Süreç boyunca katılımcılar ile röportaj da yapılırken, oyunu hangi gün aldıkları, o an neler hissettikleri, pandemi ile ilgili duyguları, bir önceki çalışma hakkında düşünceleri ve kendi eserleri hakkındaki yorumları da belgeleniyor ve ArtChain her katılımcı ve izleyici için kişisel bir deneyime de dönüşüyor. Sadece zincir olarak eserlerin yaratılmasından öte, katılımcıların deneyimleri de arşivleniyor ve dokümante edilmiş kolektif bir deneyim ortaya çıkıyor.
“Art as Pandemic” zincirinin bir parçası olan sanatçılar; kendilerine ulaşan zincir eserleri tekrar tekrar incelediklerini; anonim olarak ilerleyen süreçte bu anonimlikten doğan gizemi hem çözmeye çalıştıklarını hem de heyecanla ellerindeki eseri nasıl ilerletebileceklerini düşündüklerini anlatıyor. Zincirdeki bütün eserlerin toparlandığı kolektif film ise ay sonunda paylaşılacak.
Zincirin tüm halkalarını çözmek burada mümkün!
Art Chain Game Nedir?
ArtChainGame, her yeni zincirin katılımcılar tarafından toplu olarak inşa edildiği ve sosyal iyilik amaçları için uyarlanmış bir oyun serisidir. Her zincir yeni bir KOD gibi davranır ve tema, format, işbirlikçiler ve takip edilecek parametreler gibi yeni koşullardan oluşur. ArtChainGames, metodolojik olarak mantıksal algoritmaların ve programlama dilinin basitleştirilmiş ve oyunlaştırılmış sürümlerine benzer.
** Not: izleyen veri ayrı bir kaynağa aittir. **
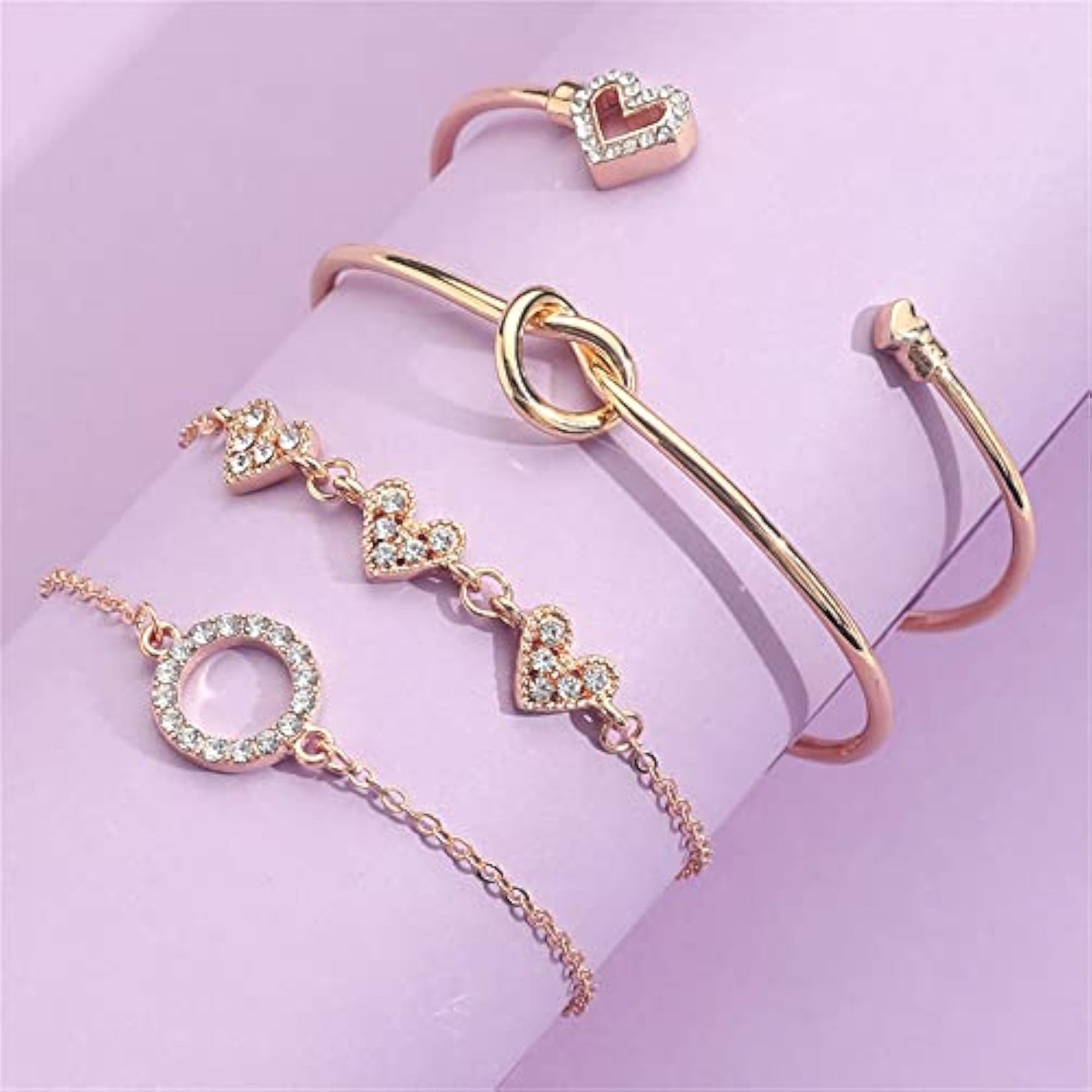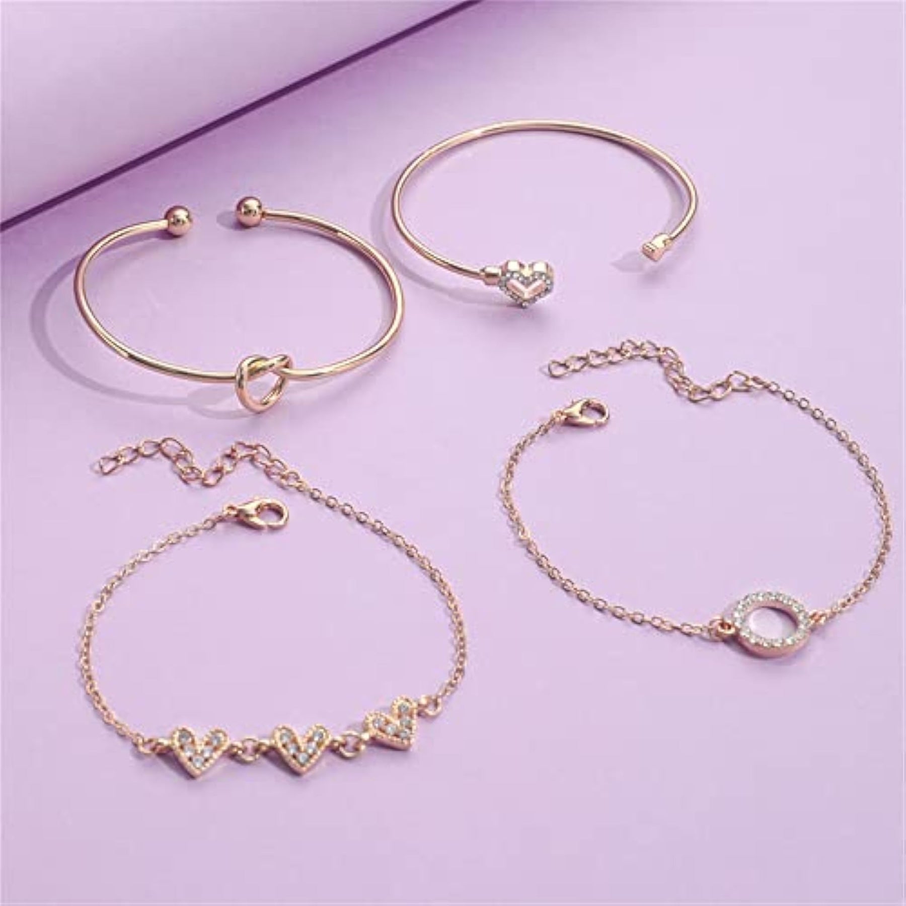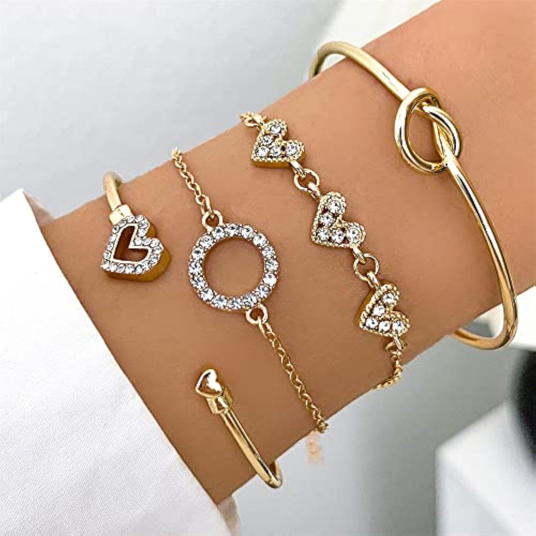 Elevate your style with this 4-piece multilayer crystal bangle bracelet set featuring captivating heart designs. Perfect for any occasion.
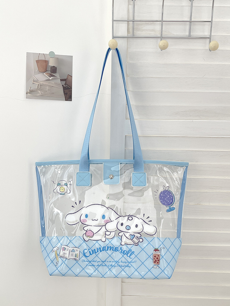 정품 라이센스 산리오 젤리 투명 어깨 가방 대용량 귀여운 만화 학생 휴대용 핸드백스토어 가기
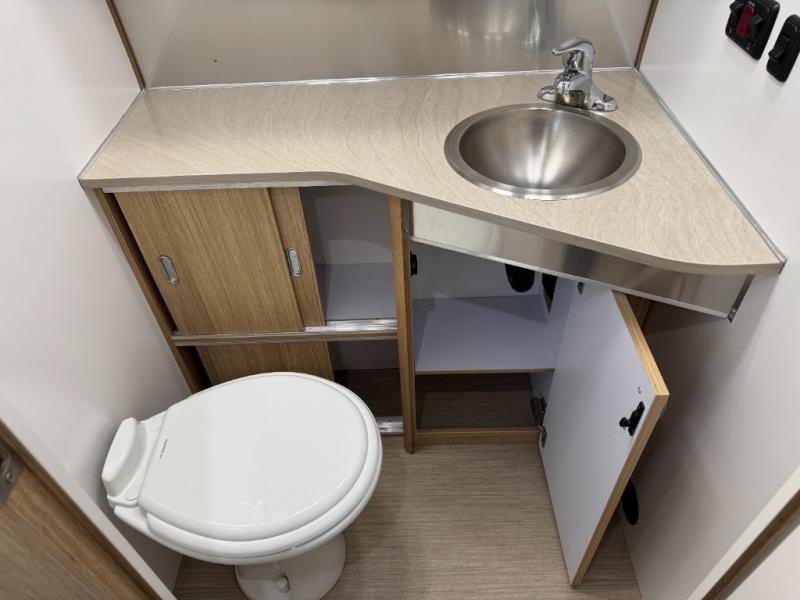 With a variety of floor plans to choose from you can easily select the Flying Cloud travel trailer that is ideal for your family. You will enjoy your view from the panoramic windows and at night you can close the Oceanair roller blinds so you have complete privacy. The enclosed aluminum insulated heated underbelly allows you to camp in all types of weather. After you are done playing outdoors then you can clean up at the exterior shower before heading inside. In the evening plan to stay outside just a bit longer and visit with your family while sitting under the patio awning with LED dimmable light. In the bathroom a fun feature is the retractable clothes line in the shower.
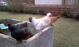 Here is a picture of our little trio in the garden of our rented house. They are on top of the old coal bunker as one of our dogs loves to play "tick" with them. They eventually get fed up and wait for the dogs to go inside before they carry on scratching around for bugs and worms. (left to right: Lucky, Stevie, Rona)
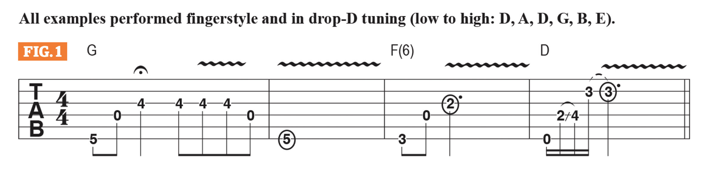 One way I accomplish this is to keep an open D string in the mix for all of the voicings. As shown in Figure 1, I play a G chord by fretting the low G on the 6th string’s 5th fret, played along with the open 4th string and a B note at the 4th fret on the G string.
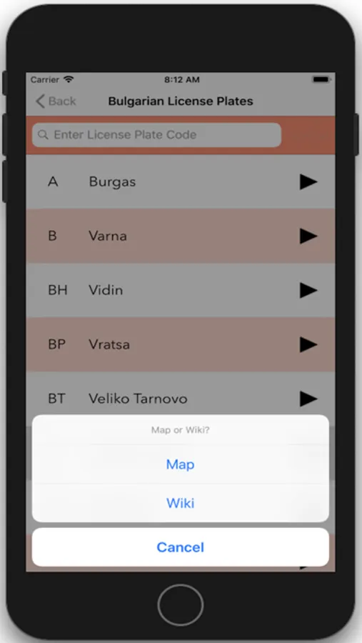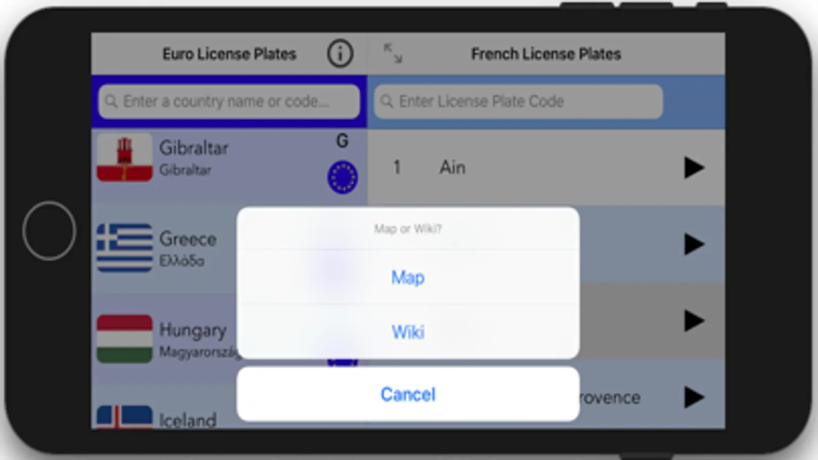 Select a plate and you'll see options to show a regional map and/or, the town's wiki page. Some states do not organize their license plates by geographical regions, and in these cases, you'll know where the car is from, and EuroPlates will display a country map.
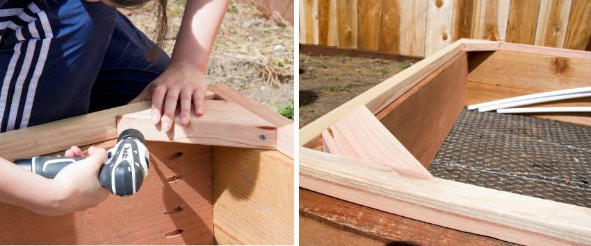 - соединить брус друг с другом с помощью саморезов или уголков, можно использовать скобы.
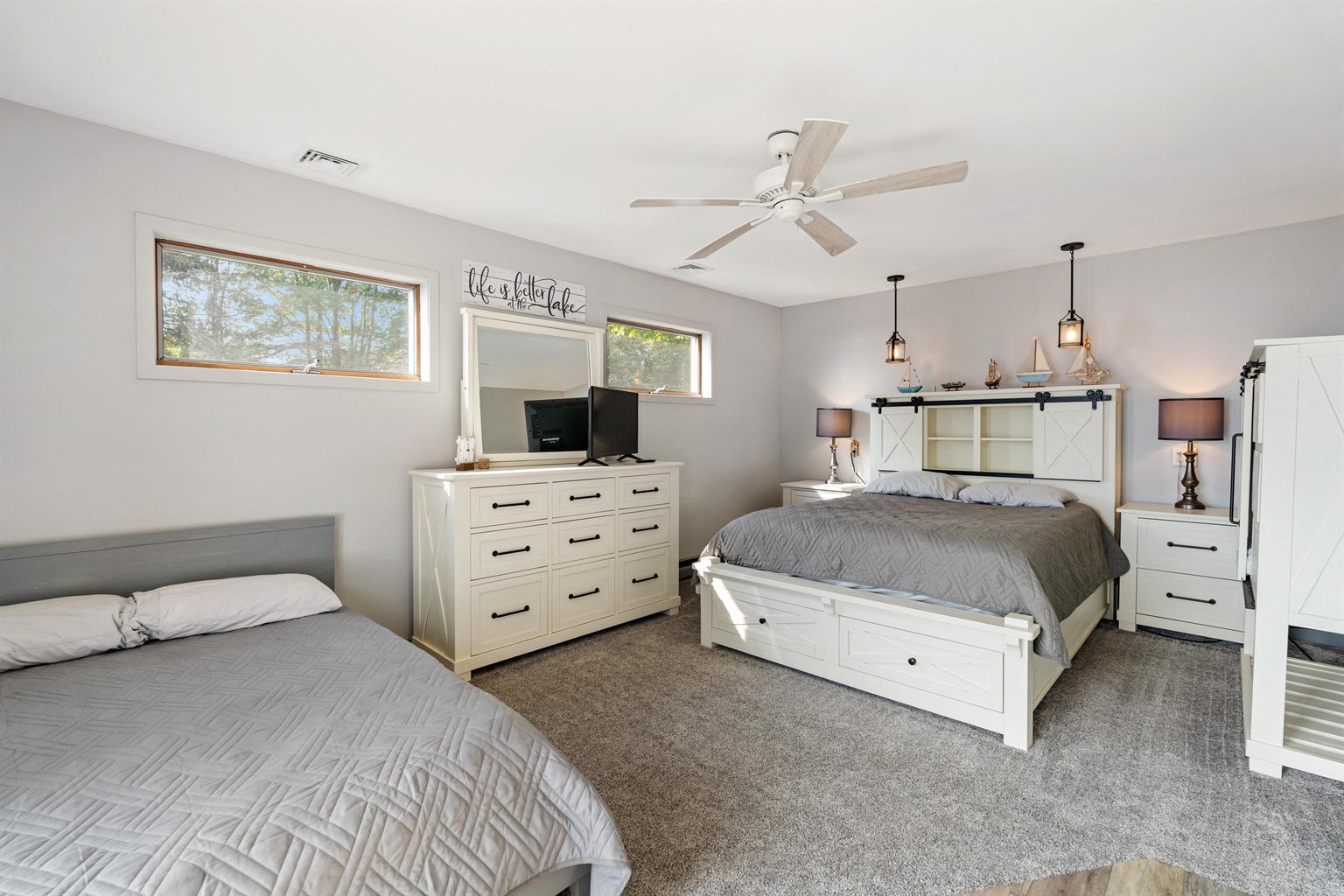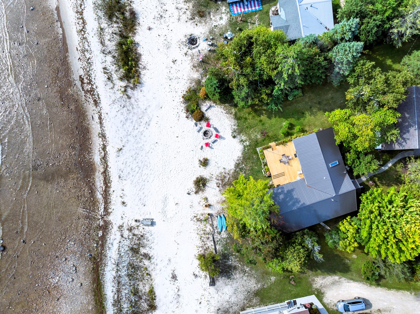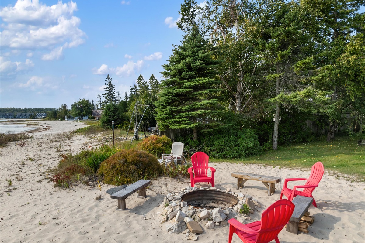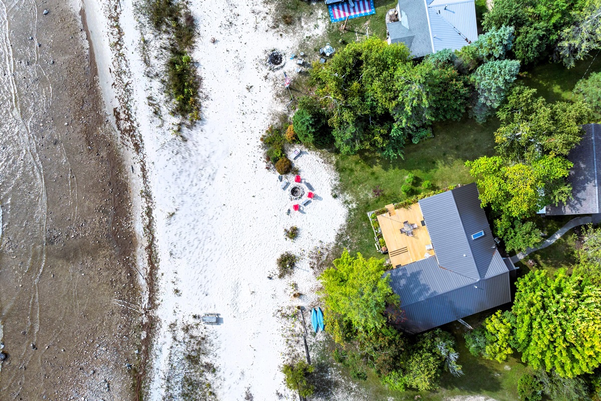 2 Bedrooms • 2 Bathrooms 2 Baths • Sleeps 1-8This stylish Lake Huron beach cottage sleeps 8 and overlooks Mackinac Island. Offering a new deck facing water, 125 feet of soft sandy beach frontage. There is a beach fire pit for those chilly evenings, large private yard, gas grill on back patio, outdoor seating, picnic table on beach and a table/chairs on the top deck. Inside there are 2 bedrooms, with 3 separated sleeping spaces, so you can have two families join and everyone has their own space. In these rooms you will find 3 queen size beds, & a full size bed, several large windows, ceiling fans, modern amenities including Central AC/Heat, new washer/dryer & Dishwasher

Oyunlar, Blockchain teknolojisi ve akıllı sözleşmelerden ilham alır ve mevcut teknolojileri taklit eder ve insancıllaştırmaya çalışır.Her ArtChainGame’in kendi yönergeleri vardır ve birbirlerinin fikirlerine katkıda bulunarak dijital araçların tüm potansiyelini kullanmayı amaçlar. Yakında blok zincirde yaşamaya başlayacaklar! Temel amacı, katılımcıların ortak bir amaç etrafında eserler üretmeleri ve daha büyük bir anlatı içinde yer almalarıdır. Art Chain Game, xtopia’nın sosyal iyilik için sosyal rüya sıralayıcısı olarak hizmet eder ve birbirine – birlikte çözümler hayal etmeyi umar.